Sementara itu, Kayo--bukan nama sebenarnya--pekerja yang mengangkut galon minyak solar ke lokasi tambang emas ilegal di hulu Sungai Penetai.
Ia menceritakan berangkat sebelum fajar dari Dusun Serpih, Desa Muara Hemat, galon-galon berisi minyak solar sudah siap dibawa ke lokasi tambang.
Dalam sekali angkut, Kayo bisa membawa tiga galon. Masing-masing galon berukuran 30 kilogram. Galon disusun di punggung sampai di atas kepala.
Beban berat di pundak, tak menyurutkan langkah pria 45 tahun untuk mendapatkan pundi-pundi rupiah.
Dia harus berjalan kaki berpuluh-puluh kilometer melewati jalur setapak, menembus hutan dan menyeberangi sungai.
Dari titik pengangkutan Dusun Serpih sampai ke lokasi tambang emas ilegal, upah angkut mencapai Rp 750.000 per jeriken. Dalam satu kali angkut, dia bisa mengantongi duit bersih dua juta rupiah.
“Saya sekarang berhenti total (angkut minyak), di jalur angkut minyak sampai ke lokasi tambang ramai sekali seperti pasar. Di lokasi bisa sampai ratusan orang,” kata Kayo menceritakan kembali tentang pekerjaannya itu pada 12 Desember 2023.
Baca juga: 2.000 Batang Kayu Putih Ditanam di Lahan Bekas Tambang Ilegal
Teramat sukar masuk ke lokasi tambang emas ilegal. Para penambang sangat anti dengan orang luar. Sistem antar minyaknya pakai surat delivery order.
“Sampai di lokasi kita harus minta stempel untuk bukti kalau minyak yang kita bawa sudah sampai,” kata Kayo.
Setelah mendapatkan stempel maka dia menemui tangan kanan pemodal, untuk meminta bayaran.
Hampir setahun bekerja menjadi pengangkut minyak solar, Kayo mengaku tangan kanan pemodal berganti-ganti.
Tetapi pemodal utamanya tak berubah yakni Sondes.

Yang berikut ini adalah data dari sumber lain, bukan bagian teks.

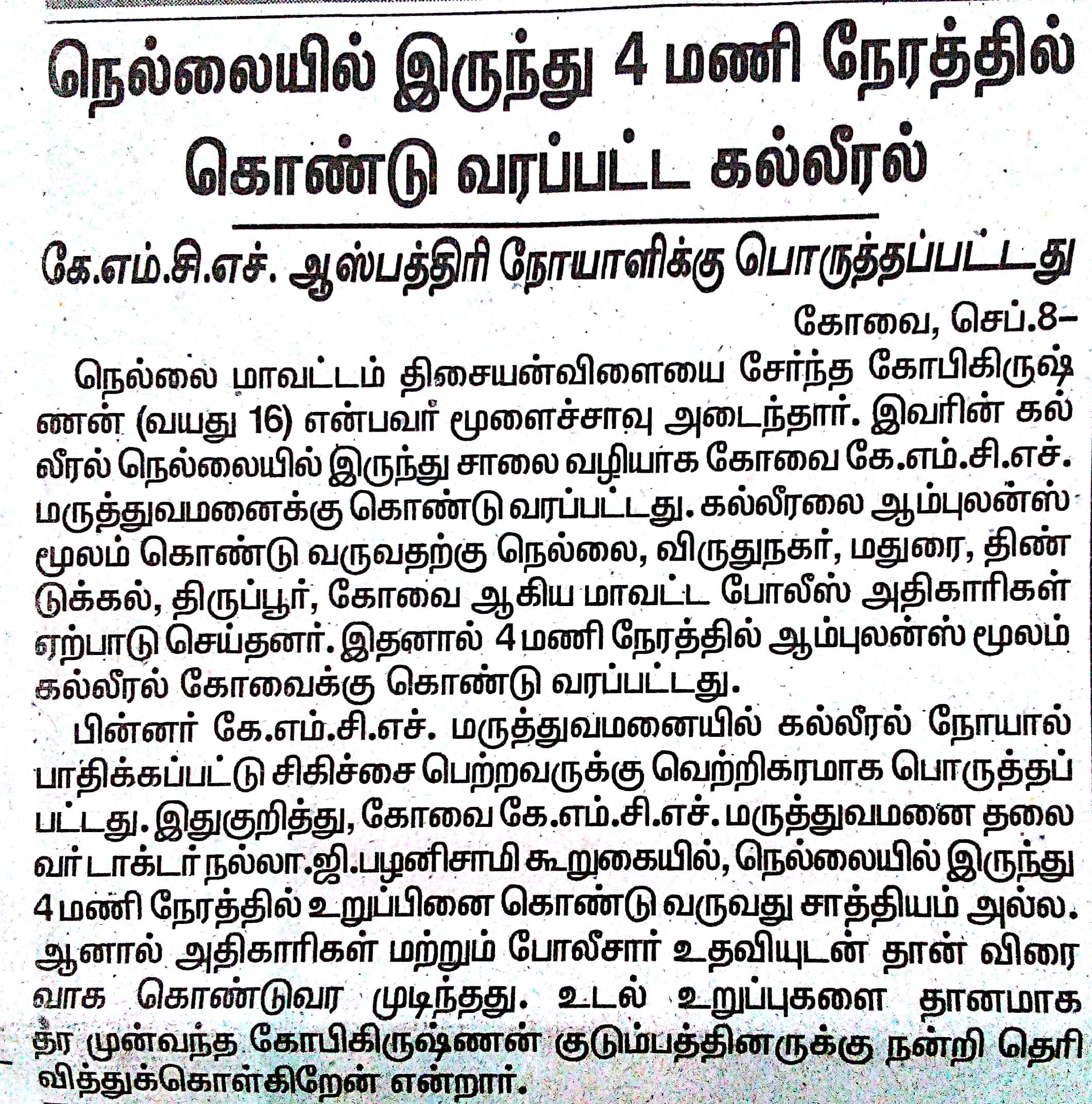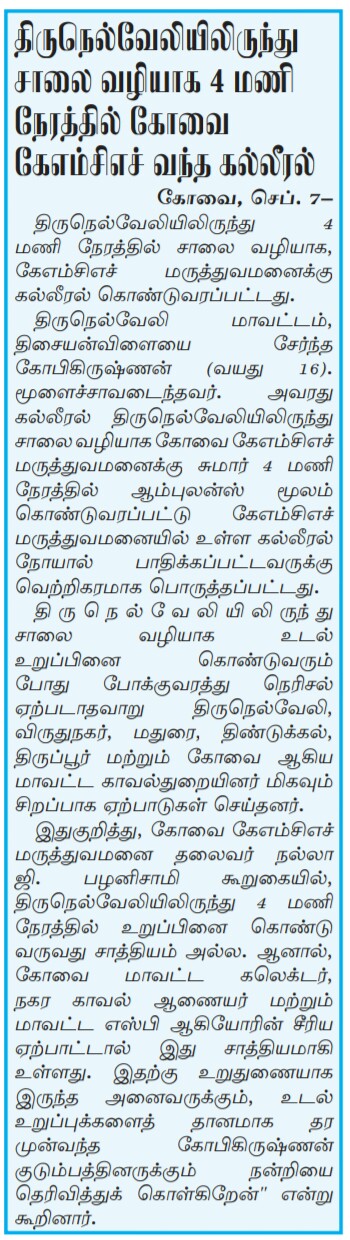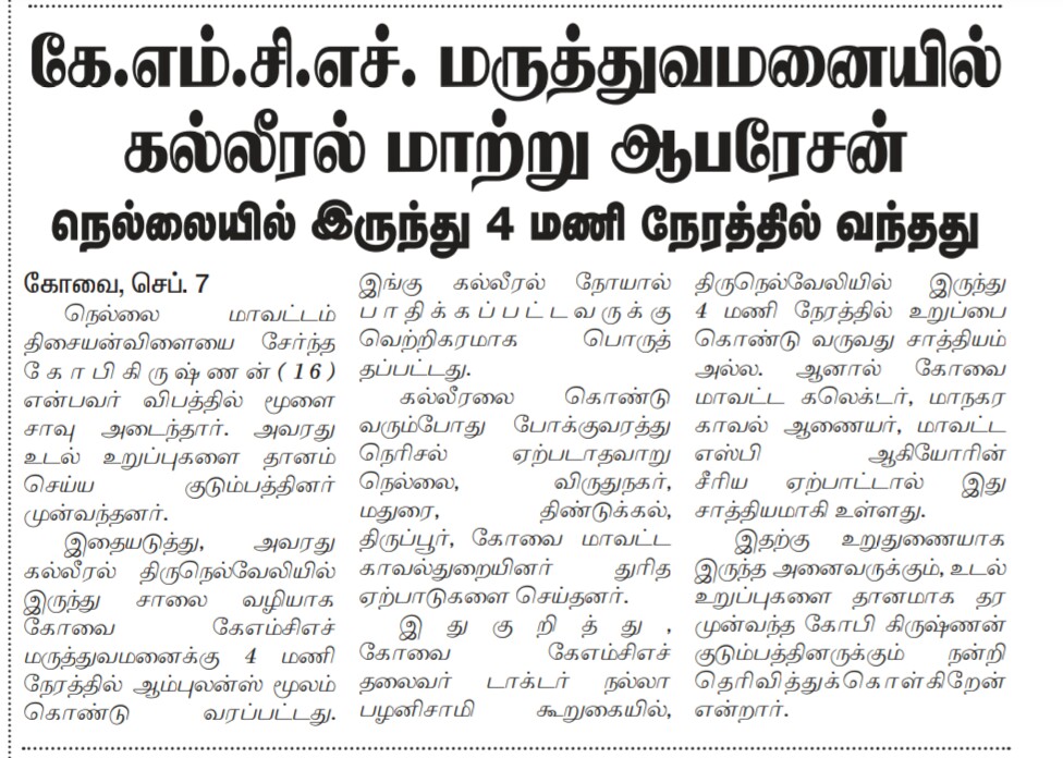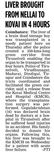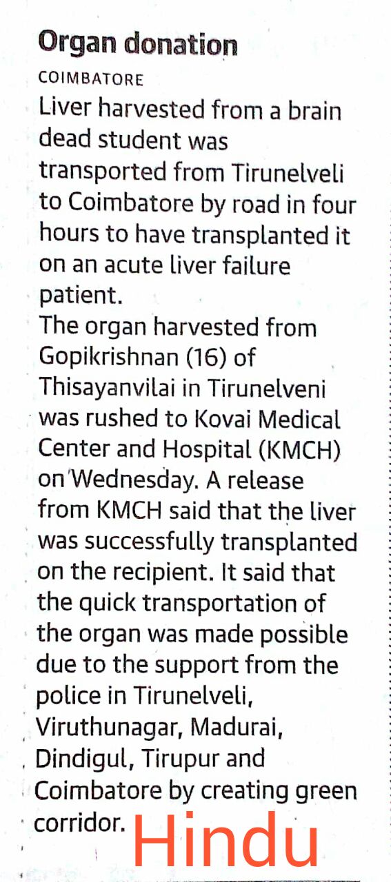 • Liver Transported From Tirunelveli to KMCH Hospital in 4 Hours.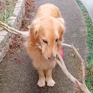 大型犬が『大きな枝を拾った』結果…どうしても持ち帰ろうとする姿が『男子小学生のようだ』と47万再生「運ぶの可愛すぎるw」「一生懸命」

Dia juga orang pertama yang membuka tambang emas ilegal di hulu Sungai Penetai. Dia mulai merintis jalan ke lokasi tersebut, sejak 2014.
Informasi terkait pemodal dan pemilik alat berat diperoleh Kayo dari rekannya yakni pemuda-pemuda Perentak, Kecamatan Pangkalan Jambu.
Menurut dia, 80 persen pengangkut minyak untuk tambang emas di kawasan TNKS adalah pemuda, yang berasal dari Desa Perentak dan sekitarnya.
Warga daerah ini, banyak yang bekerja sebagai tukang box atau orang yang bekerja memisahkan emas dari pasir dan batu. Selanjutnya menjadi tukang langsir minyak, dan orang yang mendulang.
Baca juga: Timnas Anies-Muhaimin Dorong Penegak Hukum Usut Aliran Dana Tambang Ilegal untuk Kampanye
Hal senada disampaikan mantan pemodal kecil-kecilan tambang emas ilegal, NT. Dia urung berburu emas karena selalu buntung. Bermain emas dengan modal cekak membuatnya kelimpungan.
Awalnya dia harus menyewa alat berat dengan harga beragam mulai dari Rp 150 juta.
Kemudian harus mencari pekerja yakni mandor, operator, pelangsir minyak solar dan tukang box. Minimal setiap satu alat berat yang beraktivitas harus ada 10 pekerja.
Tukang box ini memang kerjanya membutuhkan banyak orang. Lantaran memisahkan emas dari pasir, batu dan tanah.
Butiran emas kemudian dibakar untuk dibentuk menjadi bongkahan kecil. Baru kemudian ditimbang dan dijual ke penadah.
“Sondes ini seolah pemilik lokasi tambang. Setiap pemodal yang mau kerja di lokasi, harus bayar upeti sama dia. Setor uang keamanan, jadi kalau ada razia dapat bocoran,” kata NT.